Em pelo menos três diálogos, Monk fala sobre os estereótipos da escrita afro-americana, colocando elementos culturais como as gírias, o funk, o rap e as danças em potes equivalentes à repressão policial, à escravidão e à serventia ao povo branco, quando os primeiros, na verdade, também falam de emancipação, resistência e quebra de hegemonia.
Uma característica que chega a ser cômica é a forma que o filme repercutiu nesse curto período de tempo no Brasil. Os eleitores de diferentes vieses do país – nas redes sociais – têm adaptado sua interpretação do filme para o que mais lhe agrada. Um lado diz que o filme é progressista e busca equidade. O outro, diz que o filme critica uma suposta “lacração”, como é citado por estes.

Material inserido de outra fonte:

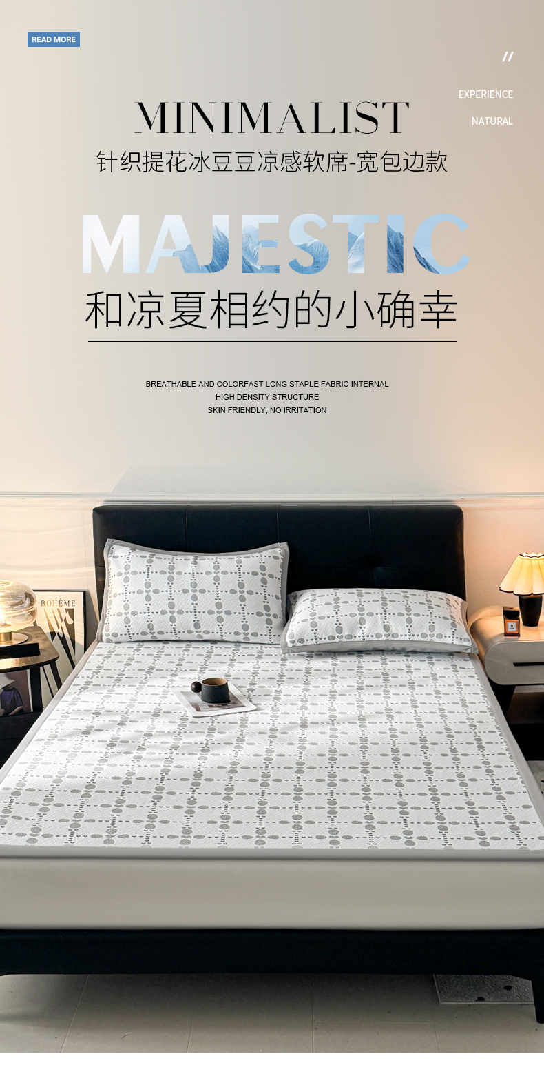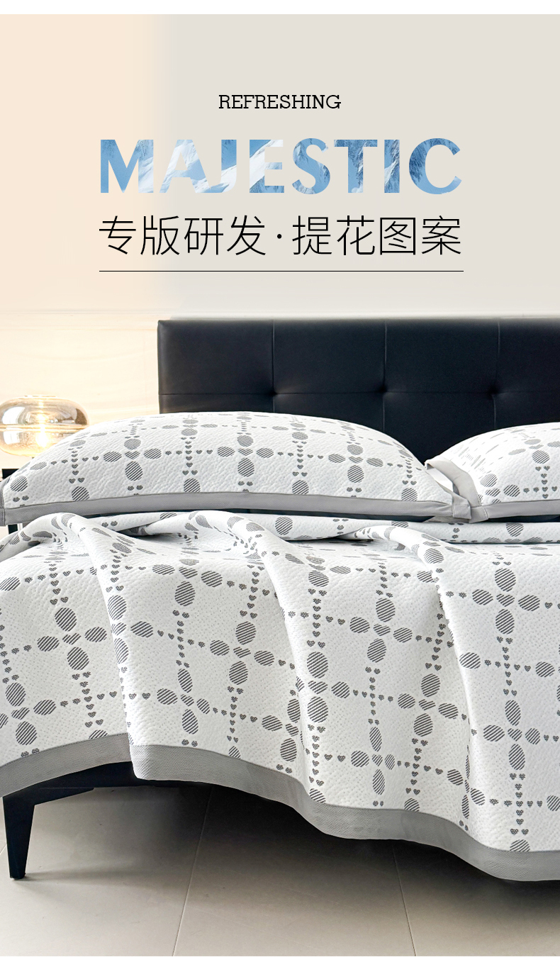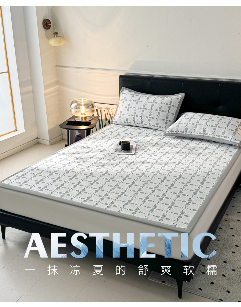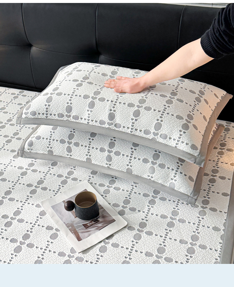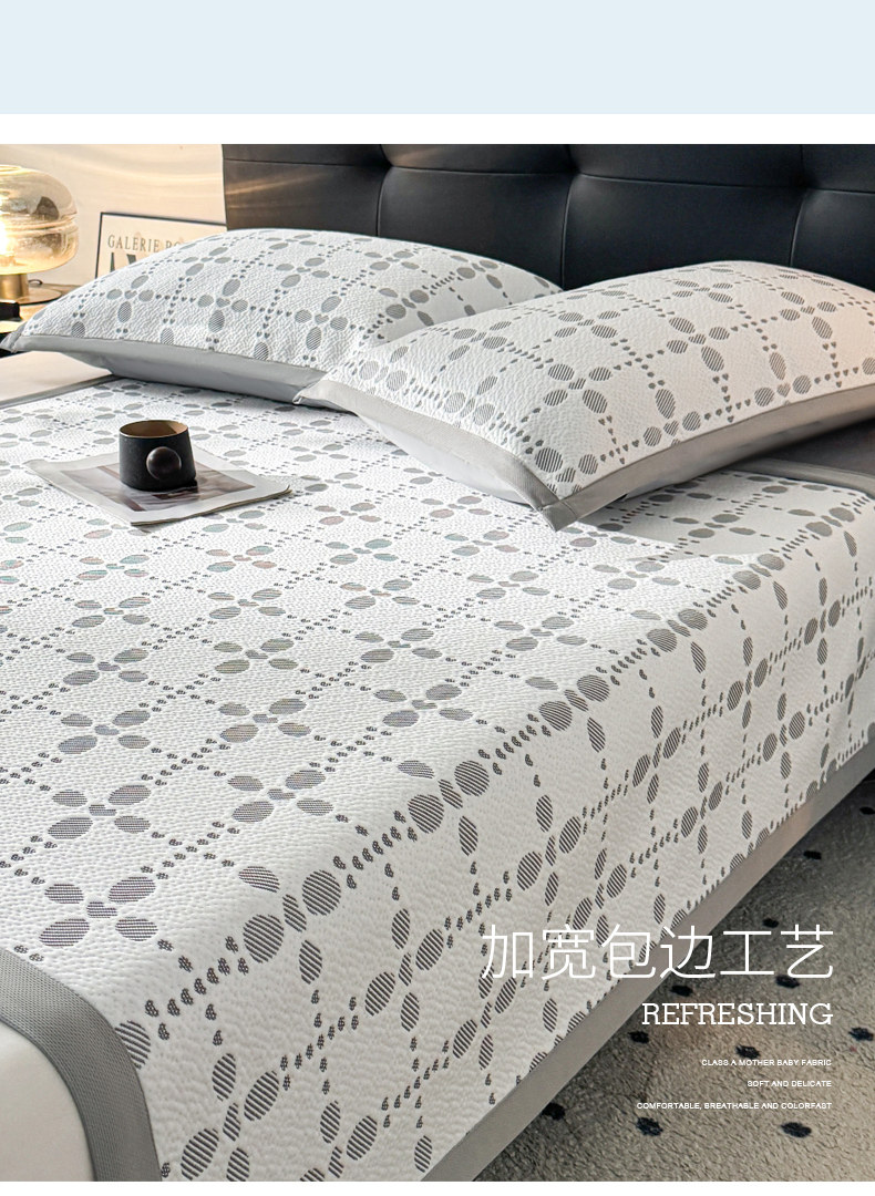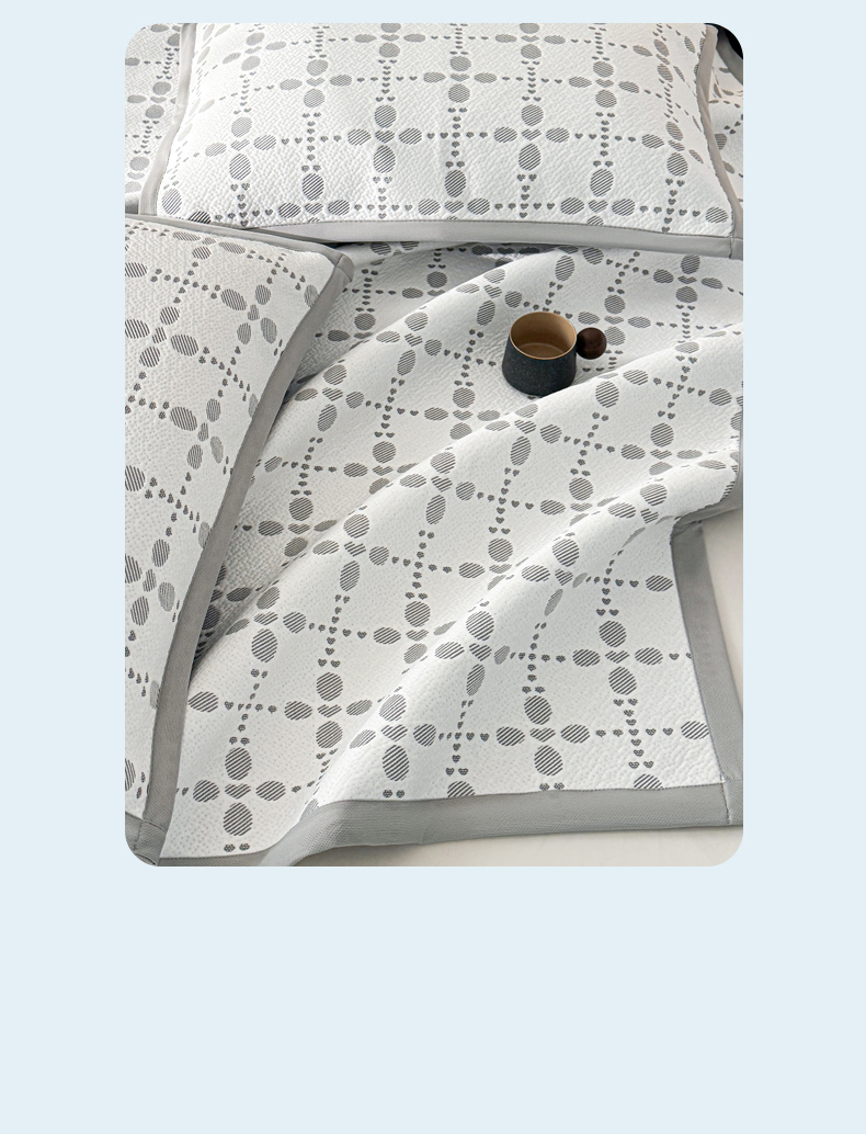 商品名称:LIFE.丽芙 2025春夏季新品A类针织提花冰凉豆豆凉感软席子平铺绑带款冰丝凉席三件套(450克)-风格一 维塔-灰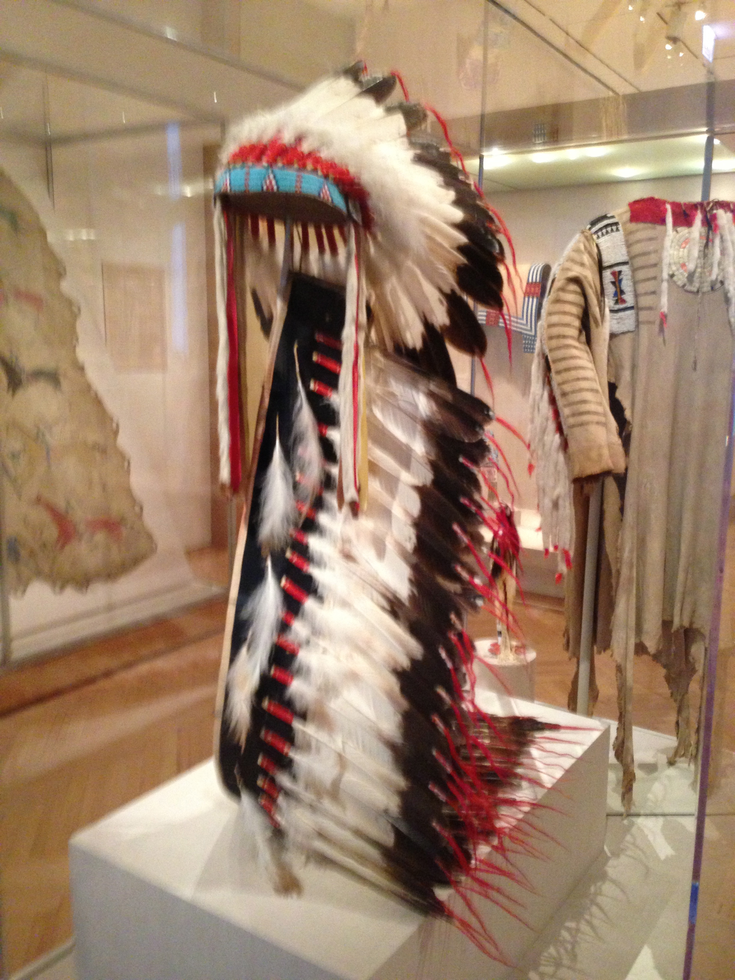 Des costumes autochtones d’Amérique, dont une magnifique coiffe: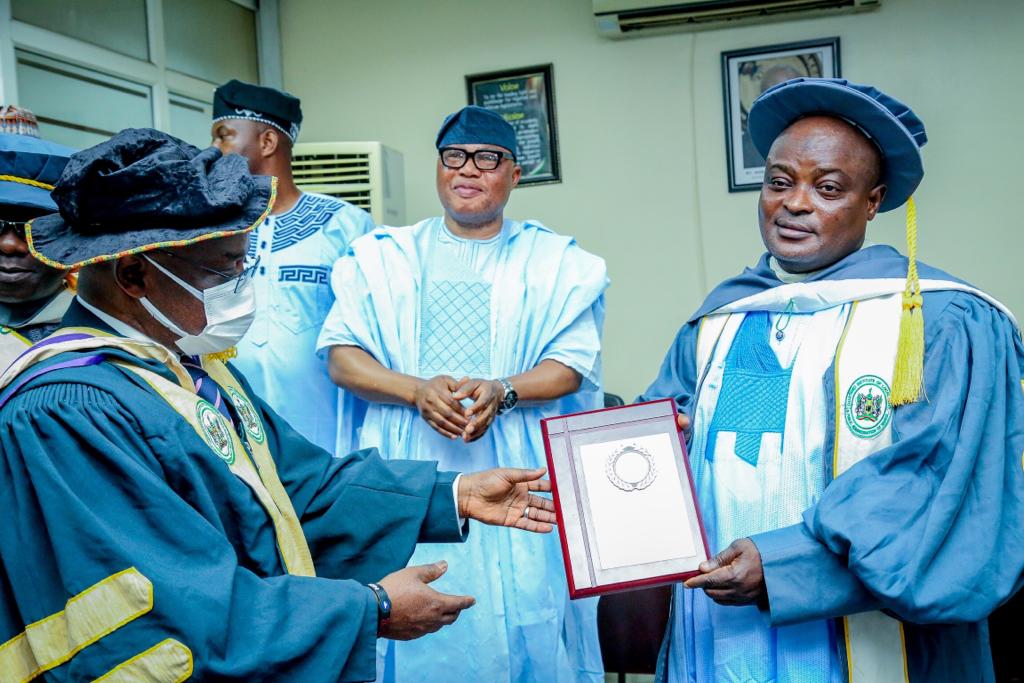 Top officials of the institute arrived the Assembly just before the resumption of plenary activities on Thursday after which the twin honours were bestowed on the Speaker, a statement by Eromosele Ebhomele, his Chief Press Secretary, said.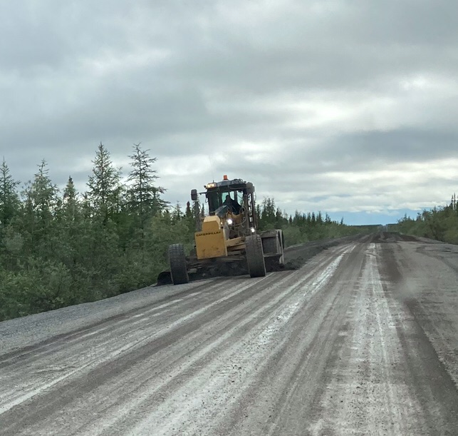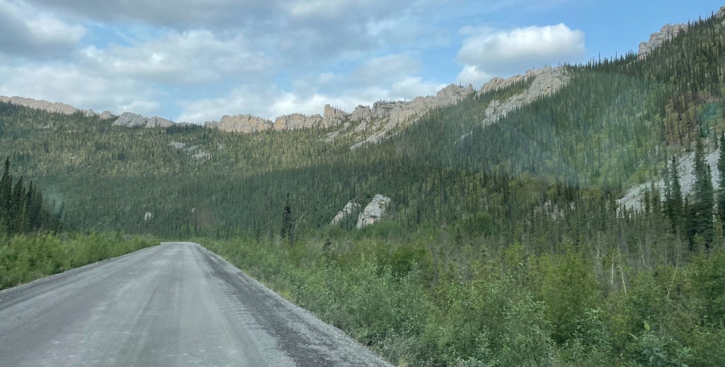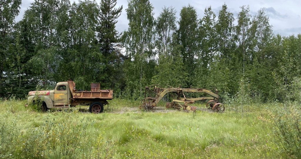 Die Canol Road wurde mal als Service Road für eine Ölpipeline gebaut. Auch eine „Errungenschaft“ aus dem 2. Weltkrieg, die Pipeline wurde aber nie richtig gebraucht und bald wieder stillgelegt. Die Straße ist geblieben. Hier und da sieht man noch altes Baugerät am Straßenrand.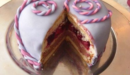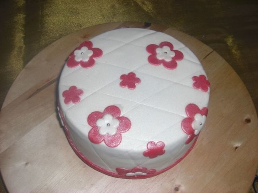 A simple little cake made for visiting my father in law (who we don't see very often). Covered and decorated with part MMF, part marzipan (mixed together, we call it marsefond).

Sobre esse fenômeno da recepção inicial das ideias, uma fala do protagonista pode explicar – sem entrar em spoilers: “Não tem moral, essa é a ideia. Eu gosto da ambiguidade”. Talvez, a ambiguidade não esteja presente na interpretação, mas em algumas lacunas deixadas pelo filme na construção da sátira e de sua linha de pensamento.
No fim, um bom filme, que se mostrou promissor, mas que não chegou ao nível de seus concorrentes. Talvez tenha faltado um pouco mais de coragem e acidez na boa discussão proposta. A quantidade de histórias no filme também não se adaptou ao tempo de tela, deixando importantes narrativas como citações ou discursos rasos.